Although the termination clause has the potential to lead to publishers getting inundated with requests to renegotiate contracts, the specific way that claims must be made may hamper the process. Jassin said authors need to take multiple considerations into account when making a claim, including to whom to send the notice and when to send the notice. In situations involving works by dead authors, Jassin added, negotiations can become even more complicated because the copyright act does not apply to heirs in the same way as literary estates, where inheritors are named in a will. While the termination right does not encompass "works for hire," it does bring into play film options, for example.

The Authors Guild has been acutely aware of the termination right and, as the guild's general counsel, Jan Constantine, explained, education has been its first priority. "We're looking into areas where we can assist our members and have largely been referring them to legal experts." At this point, the guild has been fielding more queries from agents than authors. "Members should seek out a lawyer for these negotiations," Constantine said. "If you make a mistake, you lose your termination." Since the termination right deals with copyright law, it's an area, Constantine said, that many agents, even those with law degrees, will not be versed in.

While the music industry may be headed for a barrage of lawsuits as a result of the termination clause, many on the front lines of this issue in publishing see it being less contentious. Constantine thinks the right is very clear and doubts publishers will challenge it out of the gate. She assumes some lawsuits may crop up, though, especially "if the termination isn't done properly."

Jassin is more of an alarmist. He believes this will be one of the topics of conversation in the industry over the next few years. "Does this have the ability to harm the bottom line of the big six? Without question," he said.

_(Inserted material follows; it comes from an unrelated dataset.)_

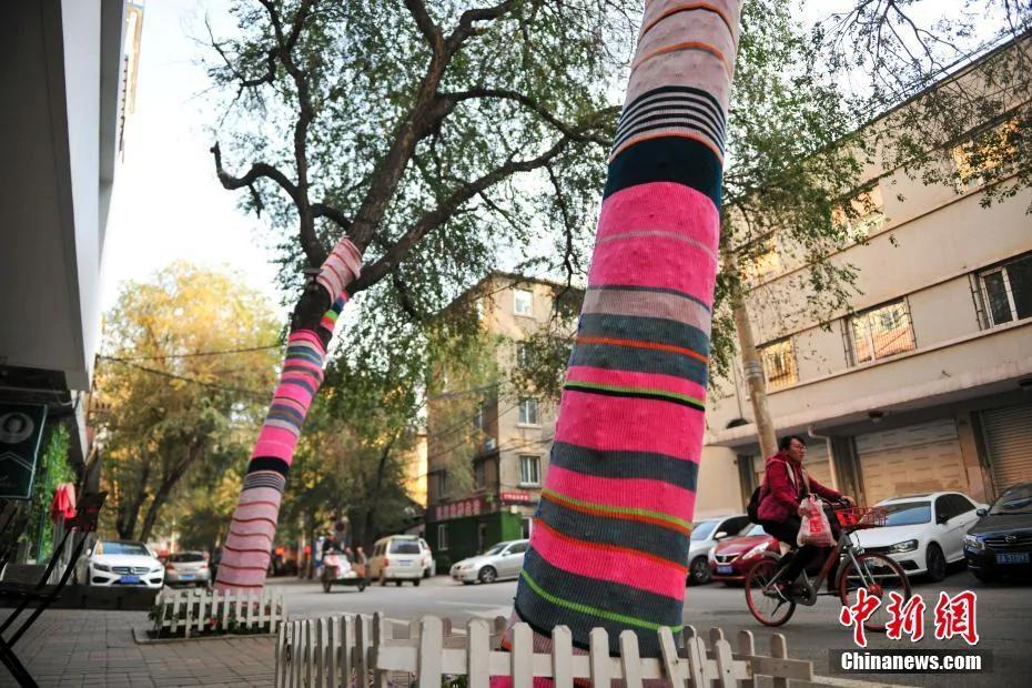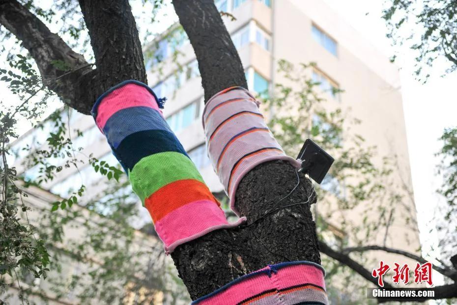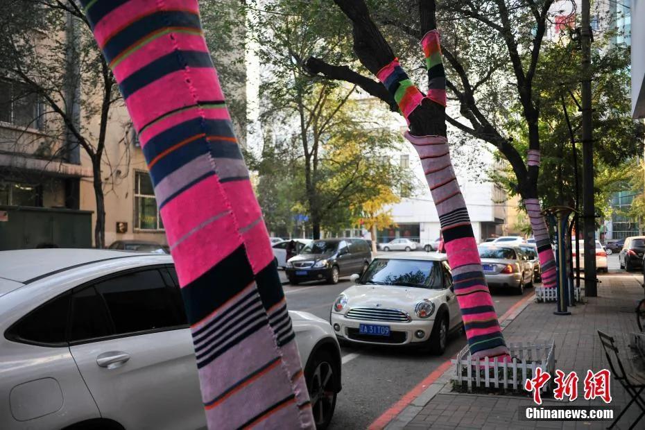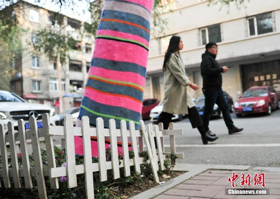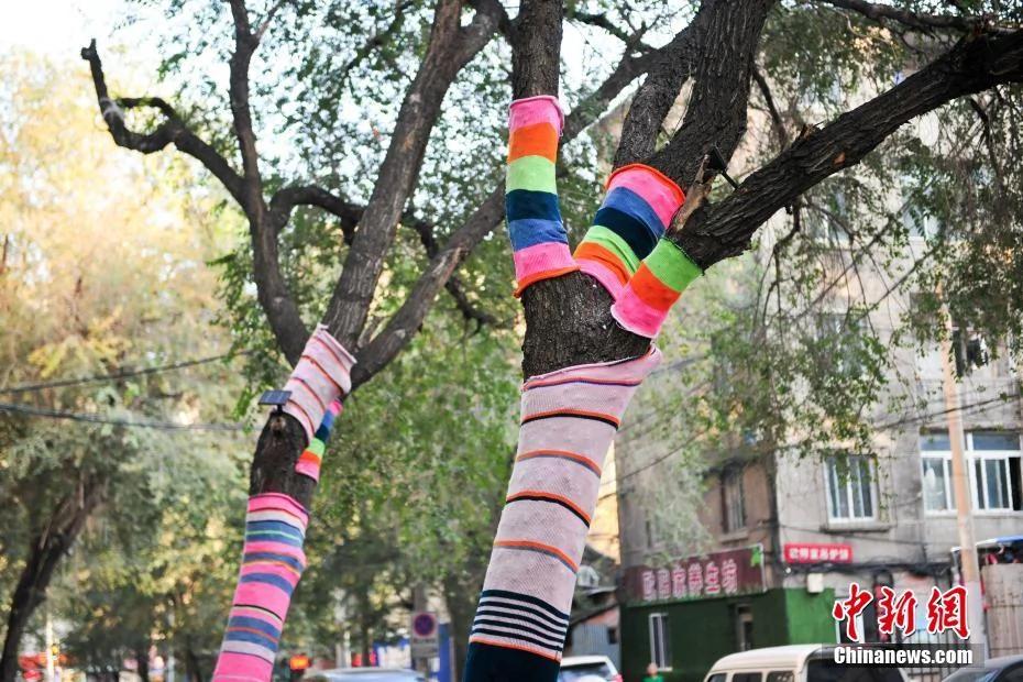 10月24日,随着沈阳天气渐渐转凉,沈阳市街头3棵大树树干上被粉、红、绿等彩虹色的毛线布包裹起来,好像是给大树穿上一条“秋裤”,让人眼前一亮。

And with Amazon looming as an ideal partner for author-publishers amid the growing popularity of e-books and self-publishing, Jassin thinks the termination right opens up the opportunity for authors to cut both publishers and agents out of potential new deals.

Agent Gail Hochman, head of the Association of Authors' Representatives, said she is "sure that literary agents are watching this news story regarding musicians' rights" and that her group has been sponsoring a number of seminars on the topic. Another agent who sees a storm brewing is Robert Gottlieb. The chairman of Trident Media Group thinks the termination right will especially come into play on the digital front. "Publishers need to come up with effective strategies to convince authors to keep their backlist business with them given the fast changes in e-book publishing occurring in today's market. One way is to offer additional advances with limited rights."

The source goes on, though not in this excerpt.